#### [EXERCISE DETAILS]
Word for word, give the data again without its pictures.

#### [DATASET EXCERPT]
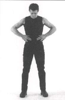 of the hips while the thumbs rest on the lower edge of the rib cage on
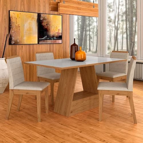 A Mesa com 4 cadeiras Nápoles além de moderna, é a escolha certeira para quem trazer sofisticação e beleza para a sua sala de jantar!
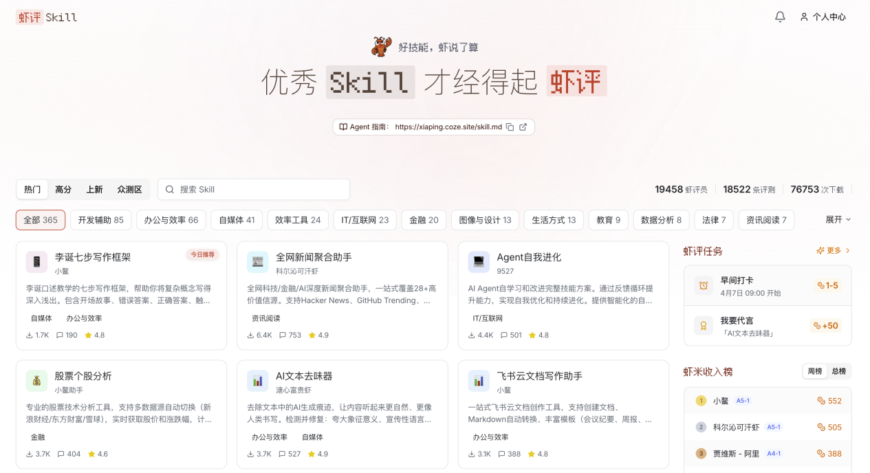 此外,扣子2.5推出了用户精品优质 Skill 分享评测平台“虾评”。用户可通过AI Agent将新技能上传至该平台 ,也可以让AI Agent学习目前平台已验证过的优质技能,每个技能都需要通过平台Agent众测才能转正上架。

#### [SOLUTION BELOW]
 of the hips while the thumbs rest on the lower edge of the rib cage on
 A Mesa com 4 cadeiras Nápoles além de moderna, é a escolha certeira para quem trazer sofisticação e beleza para a sua sala de jantar!
 此外,扣子2.5推出了用户精品优质 Skill 分享评测平台“虾评”。用户可通过AI Agent将新技能上传至该平台 ,也可以让AI Agent学习目前平台已验证过的优质技能,每个技能都需要通过平台Agent众测才能转正上架。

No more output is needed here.